MLOps is an investment in infrastructure and processes - ROI comes from better utilization of ML models.
Direct metrics:
1. Time to production for new model
- Before MLOps: 3-12 months from prototype to production (manual processes, no automation)
- After MLOps: 2-8 weeks (automated pipelines, standard processes)
- ROI: Faster realization of business value from models
2. Number of models in production
- Before MLOps: 1-3 models (deployment bottleneck)
- After MLOps: 10-50+ models (scalable infrastructure)
- ROI: More use cases utilizing ML = more business value
3. Model performance in production
- Before MLOps: Model degradation often unnoticed, manual retraining (months)
- After MLOps: Automatic drift detection, triggered retraining (days)
- ROI: Maintained accuracy = maintained business value (e.g., maintained fraud detection rate)
4. Developer productivity
- Before MLOps: Data scientists spend 60-80% time on infrastructure/deployment
- After MLOps: Data scientists spend 80% time on ML/data science work
- ROI: More experiments, faster innovation
Indirect metrics:
5. Reduction of technical debt
- Before MLOps: Ad-hoc solutions, each model has different deployment process
- After MLOps: Standardized pipelines, reusable components
- ROI: Easier maintenance, onboarding new team members
6. Compliance & governance
- Before MLOps: Difficult to audit models (who, when, on what data trained)
- After MLOps: Full audit trail, governance built-in
- ROI: Reduced compliance risk (critical in regulated industries)
Example ROI calculation for fintech company:
Investment:
- Setup cost: 6 months * 3 engineers (ML Engineer, DevOps, Data Engineer) * $10k/month = $180k
- Ongoing cost: Maintenance ($5k/month) + cloud infrastructure ($10k/month) = $180k/year
Returns (Year 1):
- Faster time to production: 5 new models deployed (vs 1 without MLOps) * $200k business value each = $1M
- Maintained model performance: Fraud detection model maintained 95% accuracy (vs degradation to 80%) = saved $500k in fraud losses
- Developer productivity: 5 data scientists * 40% time saved * $150k salary * 30% productivity boost = $90k
Total return Year 1: $1.59M Net ROI Year 1: ($1.59M - $360k) / $360k = 341% ROI
Plus: Infrastructure built, subsequent years have lower cost (no setup), higher return (more models).

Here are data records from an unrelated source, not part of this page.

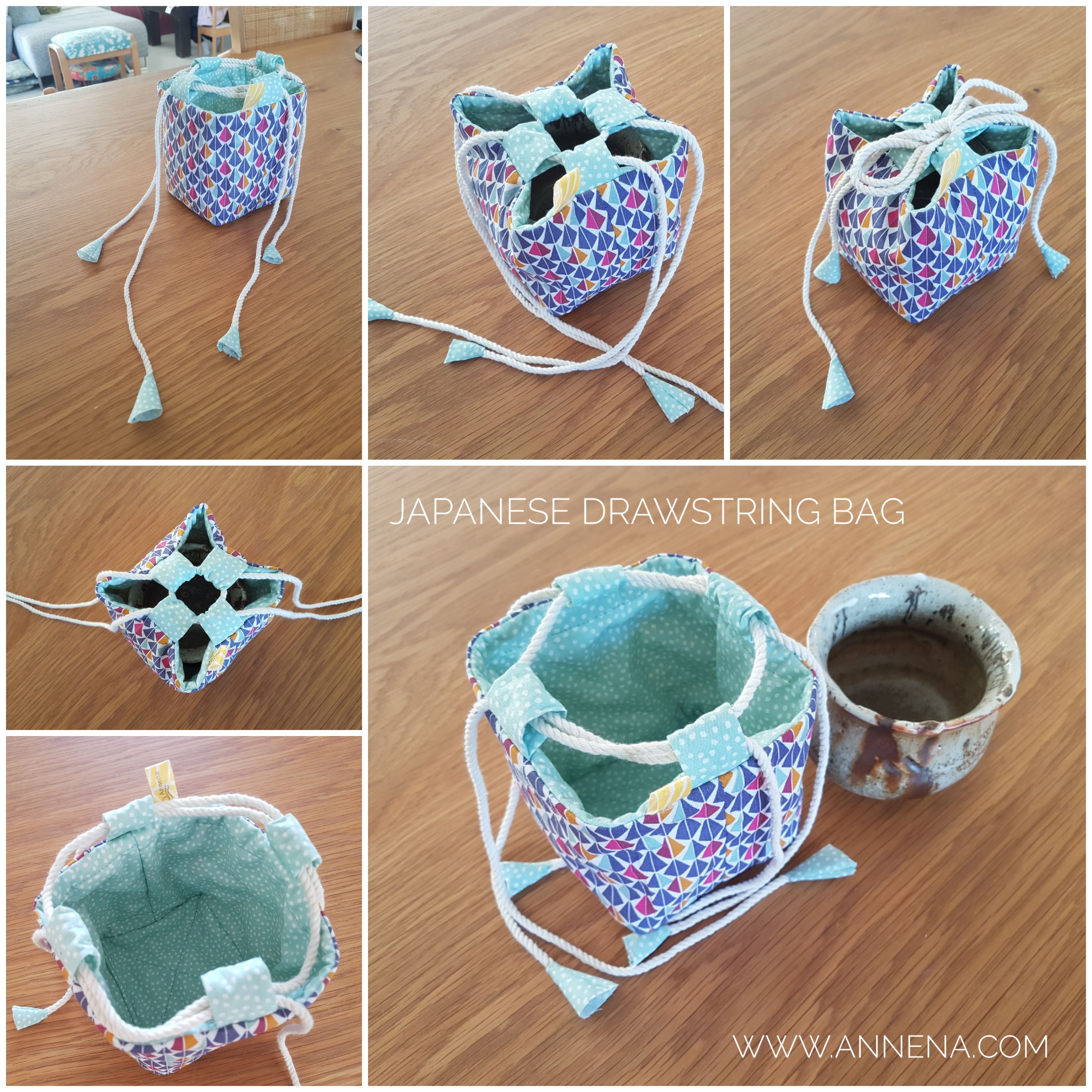 Japanese drawstring bag. Beautiful design which closed perfectly and looks pretty. Can be made with batting so it will keep precious objects safe. Any size possible, the example here is 9.5cm width and 10.5cm height, 100% cotton. 120 shekel.
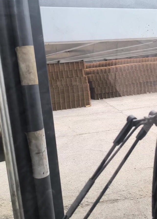 view from inside a forklift or similar vehicle, moving slowly across a concrete yard. Stacks of flat brown corrugated sheets and stacks of gray wire mesh are visible. A white box with text including "panel" is also visible. The gray and white roof or awning of a building covers the yard. The camera pans slightly left to right.
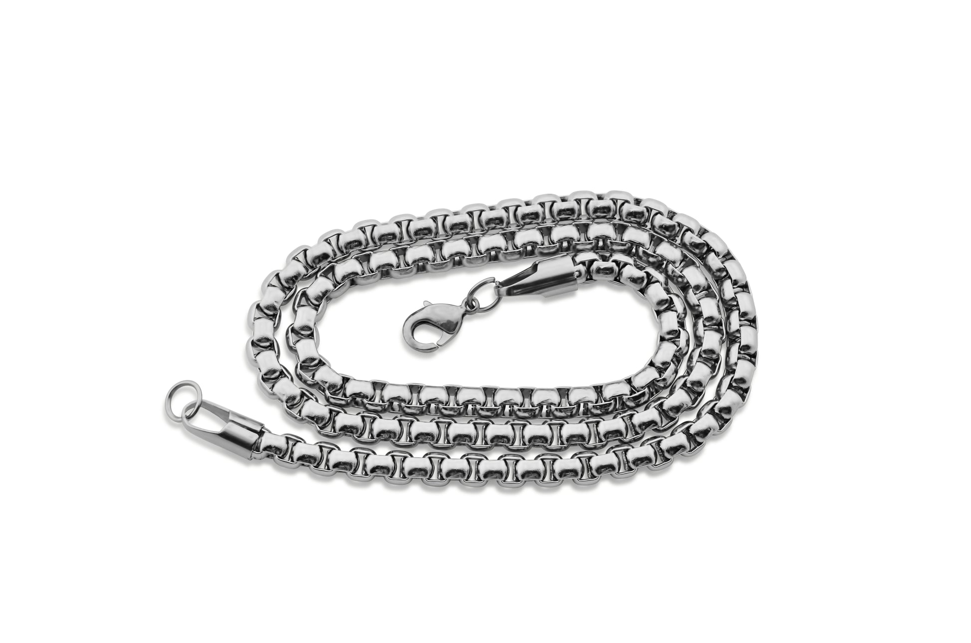 Discover the robust and stylish appeal of the Stainless Steel Unisex Thick Round Box Chain Necklace, presenting a substantial 5.0mm thickness. Available in diverse lengths ranging from 16 inches to 30 inches, this chain exudes durability and a sophisticated look. Crafted from resilient stainless steel, it complements a wide array of styles and occasions.

Verdict: MLOps pays back quickly (6-18 months) if the organization is seriously investing in ML (multiple models, critical business use cases).
What is “data drift” and how to detect it in production?
Data drift is a change in the distribution of input data (features) between training and production. It’s one of the main reasons for ML model performance degradation over time.
Why data drift is a problem:
An ML model learns patterns in training data. If production data has a different distribution, the patterns may not work - the model predicts incorrectly.
Example:
- Model: Housing price prediction (training data from 2020)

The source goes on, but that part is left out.